Now, two groups have equal sample size. Reduction of sample size from 1546 to 694 in the group of “Below_average” leads to a slight reduction of mean by 0.105. Still, the interpretation of the graph remains the same as figure 15.

df7.4 %>% group_by(Group) %>% summarise(ave = mean(NumStorePurchases))

## # A tibble: 2 x 2
##   Group           ave
##   <fct>         <dbl>
## 1 Above_average  7.77
## 2 Below_average  4.90

df7.4.2 %>% group_by(Group) %>% summarise(ave = mean(NumStorePurchases))

## # A tibble: 2 x 2
##   Group           ave
##   <fct>         <dbl>
## 1 Above_average  7.77
## 2 Below_average  4.87

4.903622 - 4.798271

## [1] 0.105351

7.4.2 Building a model

model742 <- aov(NumStorePurchases ~ Group, data = df7.4.2)
summary(model742)

##               Df Sum Sq Mean Sq F value Pr(>F)    
## Group          1   2902  2902.1   332.3 <2e-16 ***
## Residuals   1386  12104     8.7                   
## ---
## Signif. codes:  0 '***' 0.001 '**' 0.01 '*' 0.05 '.' 0.1 ' ' 1

7.4.3 Assumption tests

Normality test with Q-Q plot and Shapiro-Wilk test

Large amount of data points are out of the shaded region of following Q-Q plot, and do not form and match the straight line. It suggests that the data residuals are not normality distributed.

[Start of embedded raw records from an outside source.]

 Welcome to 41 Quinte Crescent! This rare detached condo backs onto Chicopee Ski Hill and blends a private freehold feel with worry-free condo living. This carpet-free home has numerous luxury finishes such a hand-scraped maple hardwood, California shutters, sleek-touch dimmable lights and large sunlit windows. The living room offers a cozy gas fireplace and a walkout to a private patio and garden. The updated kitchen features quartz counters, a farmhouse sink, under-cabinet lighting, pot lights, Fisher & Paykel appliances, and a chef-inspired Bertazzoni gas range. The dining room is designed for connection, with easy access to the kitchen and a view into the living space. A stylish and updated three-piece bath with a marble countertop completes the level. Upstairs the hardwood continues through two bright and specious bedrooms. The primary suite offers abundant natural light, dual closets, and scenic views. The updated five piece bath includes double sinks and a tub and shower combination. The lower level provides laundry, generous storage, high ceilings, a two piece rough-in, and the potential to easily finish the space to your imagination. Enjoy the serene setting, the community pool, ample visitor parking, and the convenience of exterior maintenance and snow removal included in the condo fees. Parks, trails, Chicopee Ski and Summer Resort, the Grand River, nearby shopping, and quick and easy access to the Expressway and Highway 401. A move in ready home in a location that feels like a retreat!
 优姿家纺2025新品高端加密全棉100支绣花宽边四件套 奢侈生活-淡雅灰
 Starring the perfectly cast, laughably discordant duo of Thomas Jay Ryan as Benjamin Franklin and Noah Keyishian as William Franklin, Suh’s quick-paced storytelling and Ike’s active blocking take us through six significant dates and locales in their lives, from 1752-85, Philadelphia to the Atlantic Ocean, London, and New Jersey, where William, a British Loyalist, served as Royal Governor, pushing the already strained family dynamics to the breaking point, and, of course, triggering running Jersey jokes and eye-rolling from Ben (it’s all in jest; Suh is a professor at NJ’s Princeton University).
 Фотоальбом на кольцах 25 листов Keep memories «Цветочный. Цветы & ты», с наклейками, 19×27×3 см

df7.4.2$residuals <-  model742$residuals

ggplot(df7.4.2, aes(sample = residuals)) +
  stat_qq_band() +
  stat_qq_line() +
  stat_qq_point() +
  labs(title = "Figure 16. QQ-plot",
       subtitle = "Shaded region = 95% confidence interval for Normality") +
  theme(plot.title = element_text(face = "bold"))

A shapiro-wilk test is also carried out and show the same result that the residuals in the dataset are not normally distributed.

by(df7.4.2$NumStorePurchases, df7.4.2$Group, shapiro.test)

## df7.4.2$Group: Above_average
## 
##  Shapiro-Wilk normality test
## 
## data:  dd[x, ]
## W = 0.96161, p-value = 1.674e-12
## 
## ------------------------------------------------------------ 
## df7.4.2$Group: Below_average
## 
##  Shapiro-Wilk normality test
## 
## data:  dd[x, ]
## W = 0.84965, p-value < 2.2e-16

Variance test with Levene’s test

The variance between two gold buyer groups is also significant different based on following Levene’s test (P-value < 0.05). The variance between both groups are not equal.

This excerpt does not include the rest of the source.